In two weeks they invoice 90% of the year, but what do they live on afterwards? “We hibernate like bears,” jokes the store manager. But no, they do not hibernate, they live on weddings, baptisms, communions, parties, where it is tradition to throw firecrackers. “Well, and when Valencia CF win games”, adds Angelita.
But the main fireworks show in Valencia fallera is the mascleta, which is fired in a large cage located in the center of the Plaza del Ayuntamiento. Civil Guard Lieutenant Colonel Antonio Jesús Rodríguez, responsible for Arms Intervention in the Valencian Community, explains that the maximum load is calculated based on the space where the shot is fired. In the case of Valencia, the limit would be about 275 net kilos, with a 10% margin. He explains it a few meters from where the operators of the Dragon Pyrotechnics, in Villena, —responsible for the event on March 2— place sandbags so that the cannons do not move when the powerful charge comes out.

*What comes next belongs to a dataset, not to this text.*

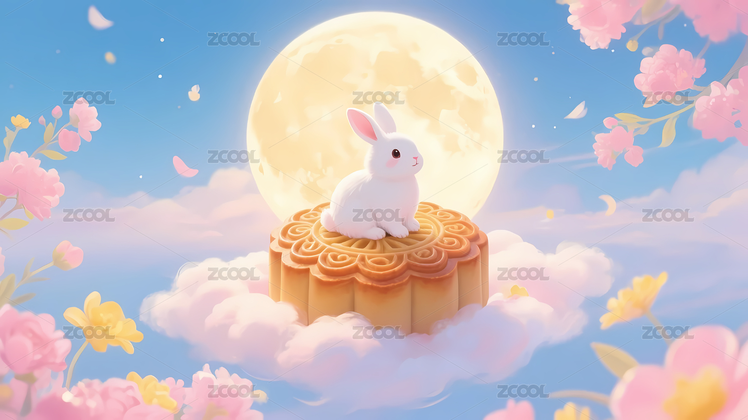 中秋节月亮下的月饼和玉兔插画背景壁纸

The agents control the entire process of the explosive material, from manufacturing to firing. “We control from the transport itself, the qualification of drivers for dangerous goods, containers and packaging, the launch areas, where the Local Police is the one that controls access. There is a security perimeter that the public cannot invade. The control is very strong, ”says the high police command. “Safety is paramount, that everything is fine,” Rodríguez concludes.
Massive Fallas
Valencia began its most massive festivities this Wednesday, whose big days will fall on a weekend this year. There will be no restrictions, as in the previous three years (in 2020 they were suspended) due to the coronavirus pandemic. The machinery fallera incorporates some novelties this year. For example, the recommendation —not a prohibition— of not throwing firecrackers from three to five in the afternoon to facilitate rest and walks down the street for pets, which are highly affected by noise, is released. The fireworks change from the old bed of the Turia, to the Palau de les Arts; and the Fallas macro-concerts return to the Paseo de la Alameda on March 10 and 11.
The city expects a flood of visitors because March 18 and 19 fall on a weekend and March 20 is a holiday in other communities such as Madrid. “There will not be one city on the street, but two”, very graphically described the Councilor for Citizen Protection, Aarón Cano, in the presentation of this year’s Security device, made up of 3,000 local police officers, 400 municipal firefighters, and 1,800 national police.